In the new year I think I will go to my doctor and explain the above to him. If I haven’t got ADD I think I certainly have the symptoms so I will be able to help myself from info off the internet and books etc. I mainly want to see my doctor so I can try medications. I was on antidepressants for a year but they didn’t really work. They just turned be into a zombie. They also gave me closed eye visuals. I can’t really remember much from that year but I didn’t realise at the time. The year went by okish but I also lost a very big part of myself – a passion for life.
I also had a profound experience a few months ago that has changed my life. It allowed be to see what my problems were even though I didn’t know about ADD until recently. It also gave me useful coping strategies which has made day to day life with anxiety easier. I’m not sure if I am allowed to discuss it on these boards.

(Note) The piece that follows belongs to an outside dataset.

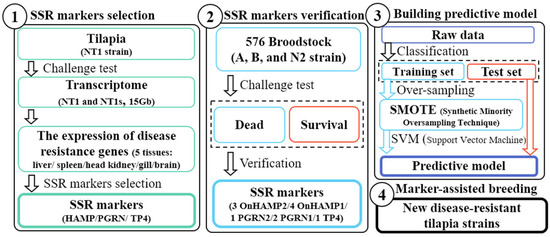 Chen, C.-C.; Huang, C.-W.; Lin, C.-Y.; Ho, C.-H.; Pham, H.N.; Hsu, T.-H.; Lin, T.-T.; Chen, R.-H.; Yang, S.-D.; Chang, C.-I.; et al. Development of Disease-Resistance-Associated Microsatellite DNA Markers for Selective Breeding of Tilapia (Oreochromis spp.) Farmed in Taiwan. Genes 2022, 13, 99. https://doi.org/10.3390/genes13010099

If you have got this far thank you very much for reading. Im sorry if the above is long, rambling or confusing but I’ve never been good at writing! I would appreciate it if people would like to comment/make any suggestions or just say hello.
Thanks
Tony.
Hey Tony,
Sounds like the door is open. I can relate to the obsessive compulsive behavior. If I get interested in something I find it profoundly difficult to think about anything else. OCD is fairly common in ADD. We are the most difficult sub-type ADD to treat because anti-depressants alone make us worse, and stimulants can aggravate our OCD and Anxiety. Most ADD's of our subtype have had the best luck with a combination of low dosage of anti-depressant and adding a stimulant later.
Check out Dr. Amen's Book: "Change Your Brain, Change your Life"
Hi Tony! I don't think your post was either rambling or confusing. I think you expressed yourself quite clearly. I can relate with a lot that you said. I'm no dr, but it sounds ADD/ADHDish to me! Good luck with your New Year's resolution to see a doctor. And welcome aboard. This is a great forum.
Thanks folks for your replies. I'm flipping between euphoria because I know I haven't failed in life out of shear weakness and laziness and severe lows because i have to stop kidding myself that things will not just sort themselves out. I know I am going to have to lead a very different life from most people and not be properly understood by them.